Masrin Erowan is Sabah's top player with a swash-buckling playing style based on sharp openings variations. Yit San himself would not shy away from a tactical battle. So when these two met up in Round 5 of last week's National Closed, a wild tactical fight was only to be expected.

Masrin won a pawn from presumably a prepared opening line. In the resulting position with an open centre, tactics took precedence. White maintained his opening advantage until move 15 when a miscalculation lost him some material. Thereafter, it was a matter of how Black converted the dynamic position with 2R+2B v Q+R+P.

[Event "National Closed 2014"] [Site "?"] [Date "2014.03.14"] [Round "5"] [White "Masrin Erowan"] [Black "Fong Yit San"] [Result "0-1"] [ECO "B51"] [WhiteElo ""] [BlackElo ""] [PlyCount "66"] [SourceDate "2012.03.14"] 1. e4 c5 2. Nf3 d6 3. Bb5+ Nd7 4. O-O Ngf6 5. Re1 g6 6. d4 cxd4 7. Qxd4 Bg7 8. e5 dxe5 9. Qxe5 O-O 10. Qxe7 Qb6 11. Bc4 Ng4 12. Qh4 Nde5 13. Nxe5 Nxe5 14. Bb3 Re8 15. Be3 Ng4 16. Nc3 Nxe3 17. Rxe3 Rxe3 $11 18. Nd5 $2 {A miscalculation losing 2 pawns worth of material.} ({simple is} 18. fxe3 Bxc3 19. Qe7 Be6 20. bxc3 Qxe3+ 21. Kh1 $11) 18... Rxb3 $19 19. Nxb6 Rxb6 20. Qd8+ Bf8 21. Re1 Rd6 22. Qc7 Bg4 23. h3 Rd7 24. Qa5 Be6 25. b3 b6 26. Qa4 Rad8 27. c4 h5 28. Qc6 ├ČRd2 29. Rxe6 fxe6 30. Qxe6+ Kh7 31. Qf7+ Bg7 32. Qxa7 R8d7 33. Qa4 Re7 0-1

Fadzil and Yit San are Perak's top 2 players. They must have played each other in competition something like 15-20 times over the last 2 years, both within and outside Perak. Their games were invariably tough fights. It was no different when these two met up in Round 6 of the National Closed 2014.

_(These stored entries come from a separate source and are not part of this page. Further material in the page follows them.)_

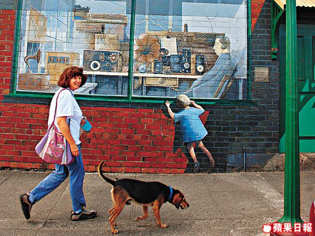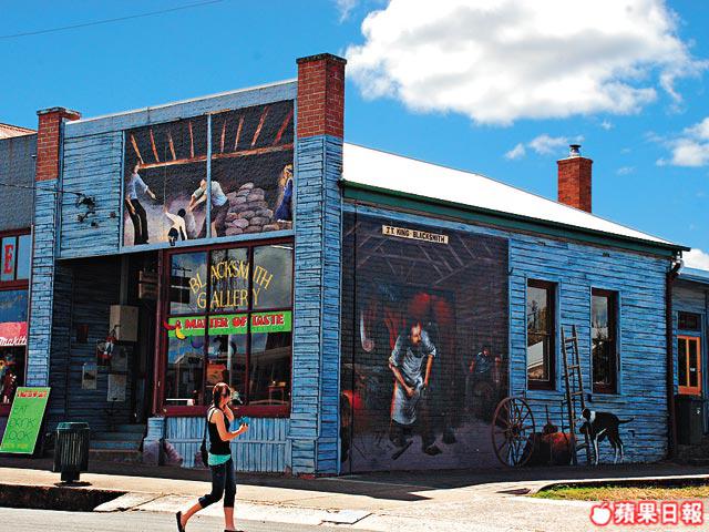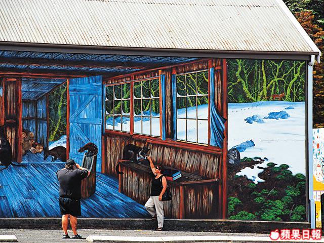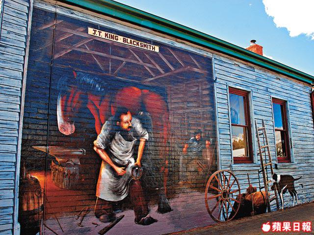 食飽後往西面開約一個小時,到達了一個富有藝術色彩的小鎮Sheffield。滿街都是色彩繽紛的壁畫,有的是塔斯曼尼亞著名的風景畫,有些是老百姓平常生活的情景。原來在七、八十年代,當地居民為振興當地經濟,開會研究後想出效法加拿大一個小鎮Chemainus,把家家戶戶的外牆都塗上壁畫。居民個個自覺地參與,由起初只得一、兩面牆做起,以至現在到處可見,成為旅遊景點。好客的居民亦邀Eason參與,讓他在公園的一面大牆上自由發揮,只花了個多小時,他就把自己獨遊山頭的景象畫了下來,遠遠還有架離他而去的直升機,這是他給「流放」在塔斯曼尼亞的真實經歷。公園旁展出的大量壁畫,出自當代藝術家或學生手筆,你家夠大的話可買一幅回家做手信,而Eason的傑作則是非賣品。
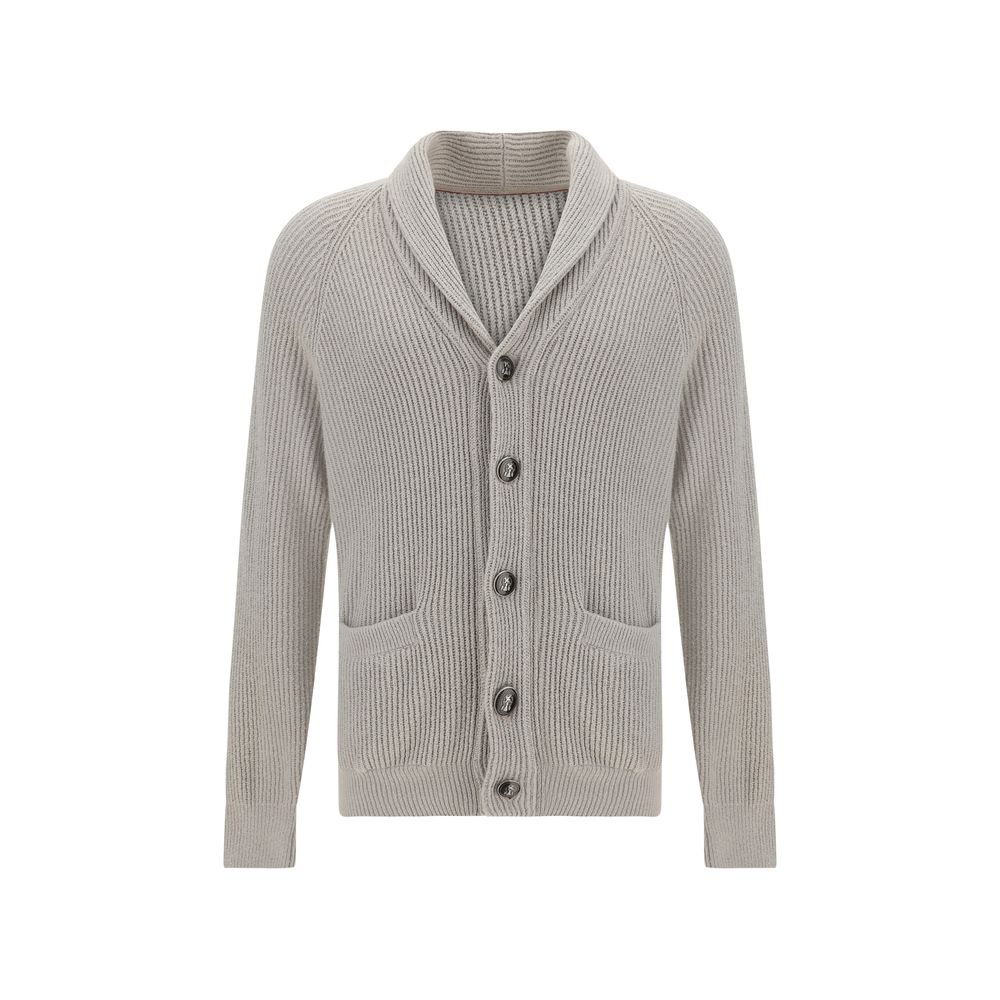 Brunello Cucinelli’s cotton Cardigan is an elegant and versatile piece, featuring a shawl lapel that adds sophistication. The front button closure, enhanced by the brand’s engraved logo detail, lends a distinctive touch. The two welt pockets on the front offer functionality and practicality, while the ribbed cuffs and hem ensure a snug, comfortable fit. The all-over repeated ribbed design adds texture and movement to the garment.
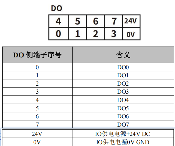 GCAN-PLC-221 的主控模块右侧顶板含有上下四排端子排,下方两排端子排的右侧为 DO 端子排,分别为 DO0~DO7 共 8 个数字量输出点,以及 1 组 IO 供电电源接口(IO 供电电源已与系统电源隔离,IO 模块需供电后才能正常工作),如图所示。各个端子对应的序号及其含义如表 2.4 所示。

A Sicilian Najdorf with opposite-side castling had both kings under attack and making for an exciting slugfest, with Yit San winging it after gaining absolute control of the g-file.

[Event "National Closed 2014"] [Site "?"] [Date "2014.03.14"] [Round "6"] [White "Fong Yit San "] [Black "Fadzil Nayan"] [Result "1-0"] [ECO "B94"] [WhiteElo ""] [BlackElo ""] [PlyCount "91"] [SourceDate "2012.03.14"] 1. e4 c5 2. Nf3 d6 3. d4 cxd4 4. Nxd4 Nf6 5. Nc3 a6 6. Bg5 Nbd7 7. Bc4 Qb6 8. Bb3 e6 9. Qd2 Be7 10. O-O-O O-O 11. Kb1 Nc5 12. f3 Qc7 13. g4 b5 14. a3 Bd7 15. h4 Rfb8 16. Bxf6 Bxf6 17. g5 Be7 18. h5 Nxb3 19. cxb3 a5 20. g6 Bf6 21. Nce2 Be8 22. Nf4 Qe7 23. Rdg1 Rb7 24. gxh7+ Kh8 25. Nde2 b4 26. a4 Rc8 27. Ng2 d5 28. exd5 Rd7 29. Ne3 exd5 30. Nf5 Qf8 31. Ned4 Kxh7 32. Rh2 Bxd4 33. Qxd4 f6 34. Rhg2 Rcc7 35. Qd3 Kh8 36. f4 Qg8 37. h6 g6 38. Nh4 Qe6 39. Re2 Qg8 40. Nxg6+ Bxg6 41. Rxg6 Qf8 42. Reg2 Re7 43. Qg3 Kh7 44. Rg8 Qxh6 45. Rh2 Re1+ 46. Ka2 1-0

In the penultimate Round 8, Yit San met his first Pakcik opponent. (Earlier rounds have all seen abang and adik opponents).  Yit San v Ismail Ahmad was on no less than Board 1. This Pakcik can still play, 'halia tua' or 'low keong' as the saying goes. A tough battle was in store as Ismail is well known as an uncompromising fighter over the chess board, and so it proved.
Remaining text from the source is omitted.